Możemy ułatwić naszym użytkownikom przejście z logowania za pomocą kont lokalnych na korzystanie z kont domenowych tylko przez modyfikację ich profili (z zachowaniem wszystkich ustawień). Poniżej znajduje się opis procedury zastosowania takiej modyfikacji. Zaleca się jednak tworzenie nowych profili ustawień. Głównym argumentem jest fakt, iż tego procesu modyfikacji nie można zautomatyzować.
Nasi użytkownicy byli przyzwyczajeni do swoich lokalnych profili, a wszelkie firmowe dane trzymają głównie na ‘pulpicie’ i w ‘moich dokumentach’ profilu lokalnego. Uniemożliwia to wygodne archiwizowanie ich danych i stwarza ryzyko ich utraty np. poprzez awarię dysku twardego komputera. Rozwiązaniem tego problemu jest migracja profili na serwer.
Modyfikacja profili
Modyfikujemy stworzony profil domenowy tak, aby użytkownik miał ten sam ‘pulpit’, swoje pliki oraz ustawienia. Niestety jest to specyficzne rozwiązanie, które wymaga dostępu do komputera użytkownika.
Wymagania:
- konto domenowe użytkownika zostało stworzone,
- musimy być zalogowani kontem domenowym na komputerze użytkownika.
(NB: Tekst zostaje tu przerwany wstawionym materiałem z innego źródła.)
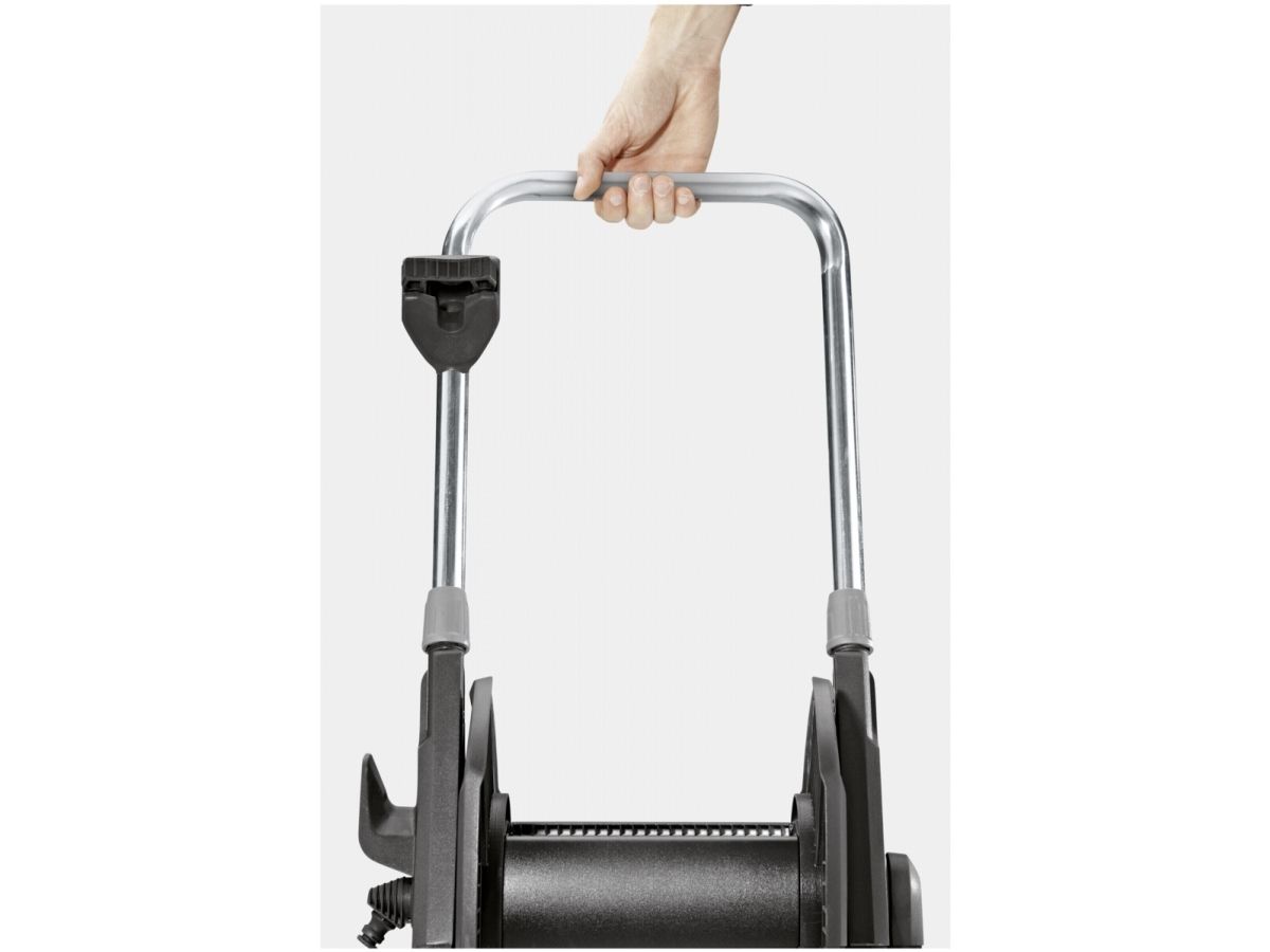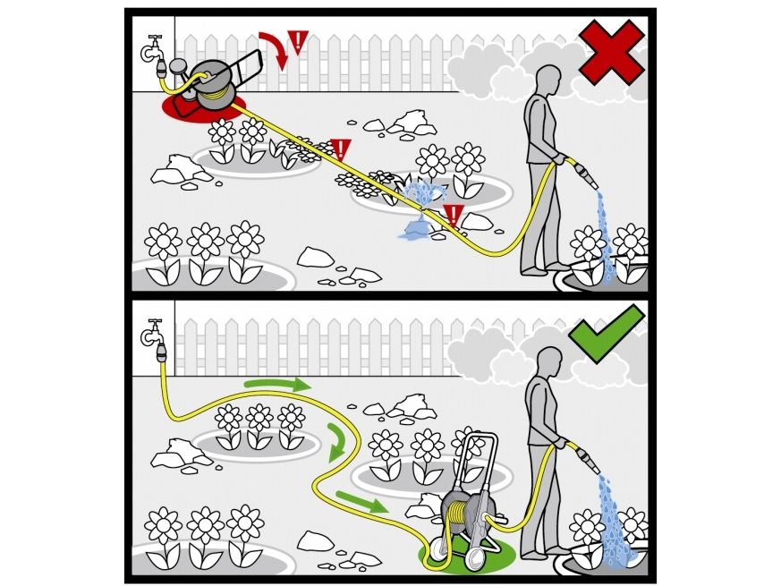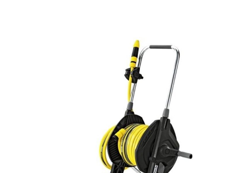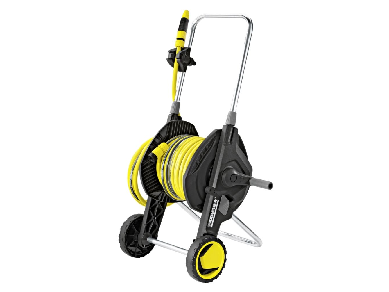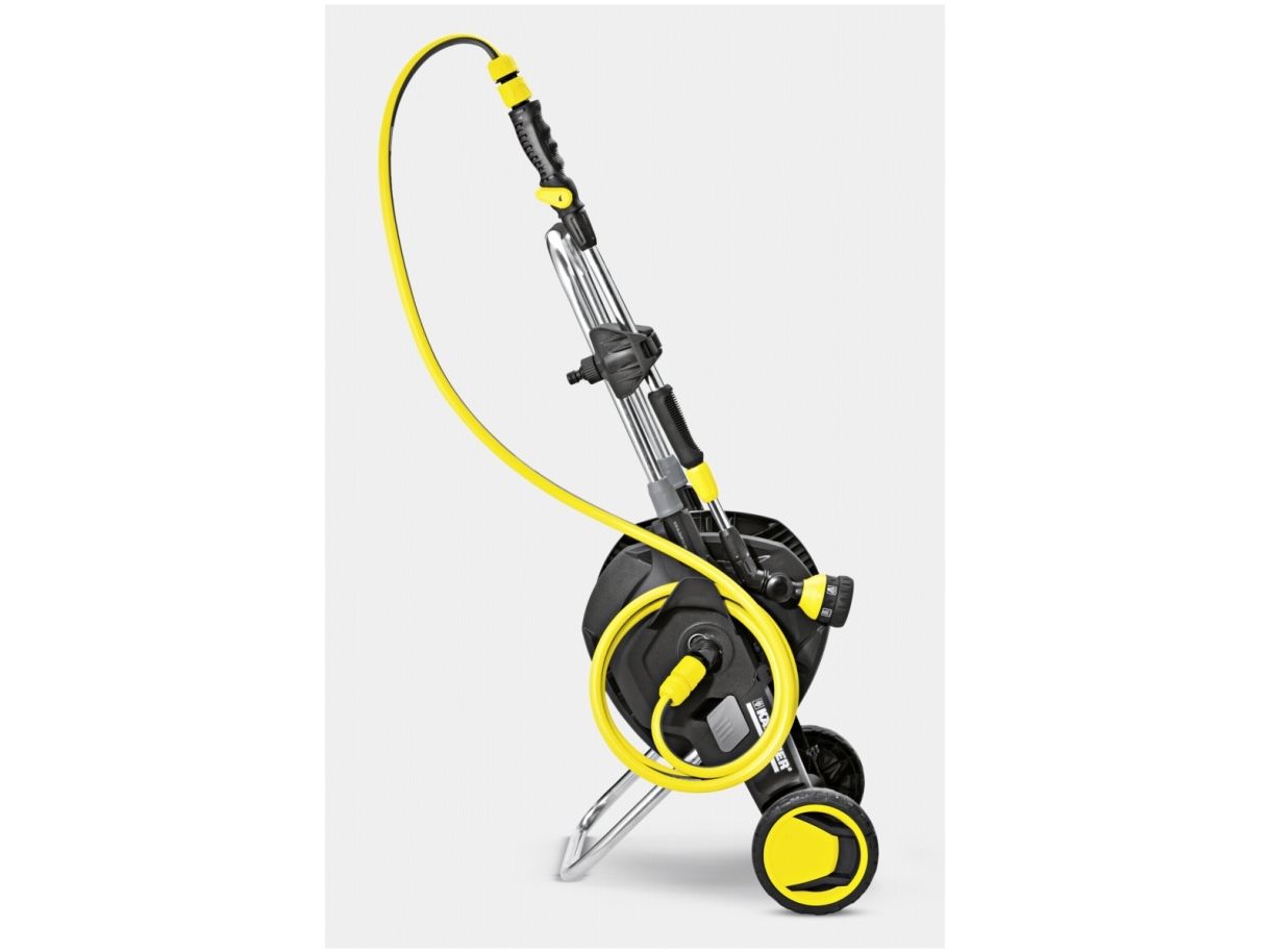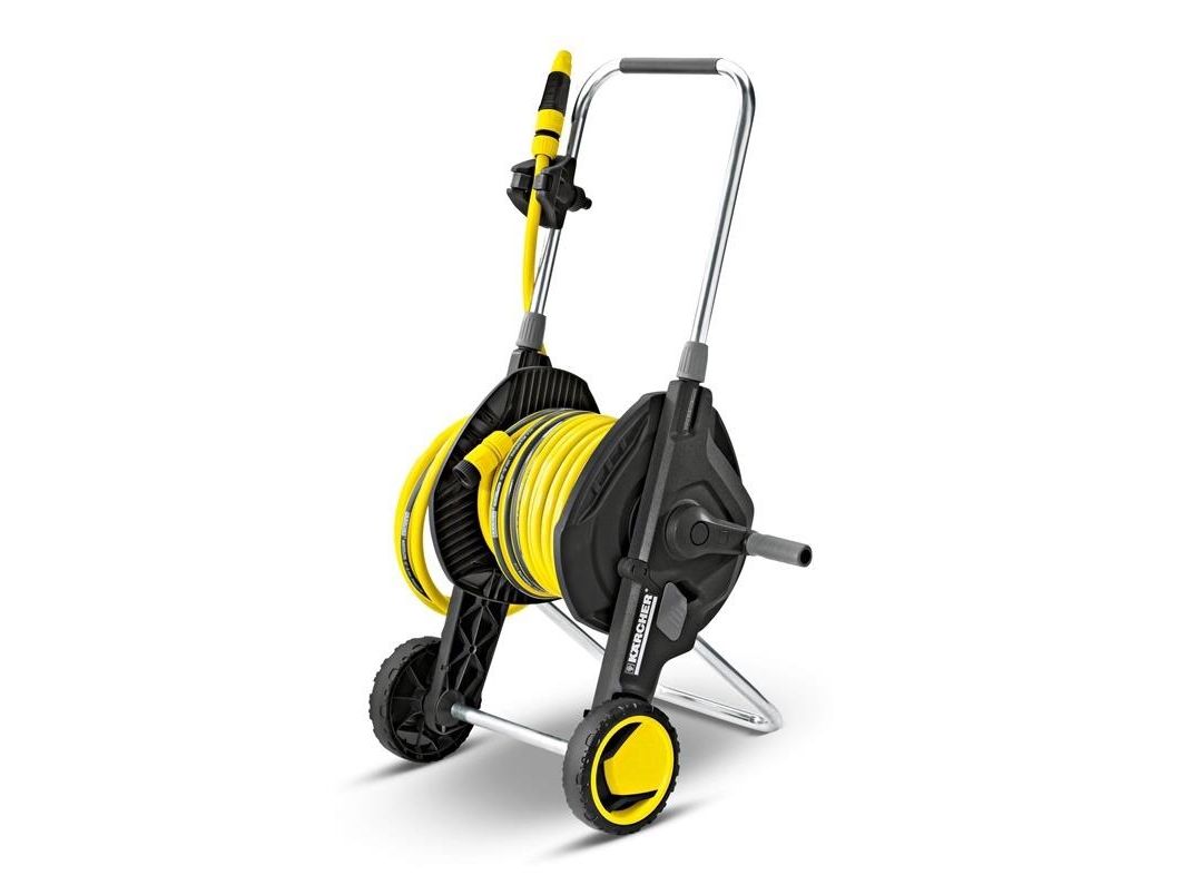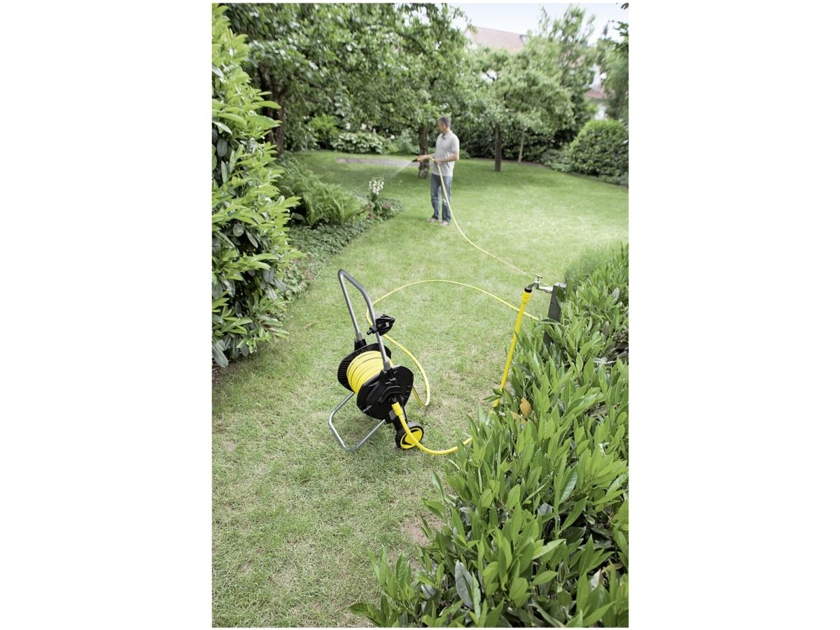 Very mobile hose trolley with accessory holder and storage hook. With height adjustable handle, angled hose connectors to avoid kinking of the hose, free-wheeling crank and innovative folding function for space-saving stowage. Fully assembled.

- W katalogu %HOMEDRIVE%\Users (dla Win7 itp.) lub %HOMEDRIVE%\Documents and Settings (dla WinXP itp.) znajduje się folder z profilem naszego lokalnego użytkownika „testuser” oraz użytkownika domenowego „testuser@contonso.com”.
Nadajemy pełne uprawnienia NTFS użytkownikowi „testuser@contonso.com” na folderze „testuser”, oraz zaznaczamy opcję „Zamień wszystkie wpisy uprawnień obiektów podrzędnych na dziedziczone wpisy uprawnień z tego obiektu”.
(„Replace permission entries on all child objects with entries shown here that apply to child objects.”)
- Otwieramy rejestr: „Start\Uruchom” oraz wpisujemy „regedit”. W otwartym edytorze zaznaczamy „HKEY_LOCAL_MACHINE” i klikamy „Plik\Załaduj gałąź Rejestru” („Load Hive”).
Wybieramy NTUSER.DATz folderu profilu użytkownika lokalnego.
Edytor rejestru poprosi nas o podanie nazwy, wpisujemy „ntuser”.
Na świeżo dodanej gałęzi w rejestrze wybieramy opcję „Uprawnienia” z menu kontekstowego oraz nadajemy „pełną kontrolę” użytkownikowi domenowemu „testuser@contono.com”, zmieniając uprawnienia dziedziczenia tak, jak dla folderu z profilem w poprzednim kroku.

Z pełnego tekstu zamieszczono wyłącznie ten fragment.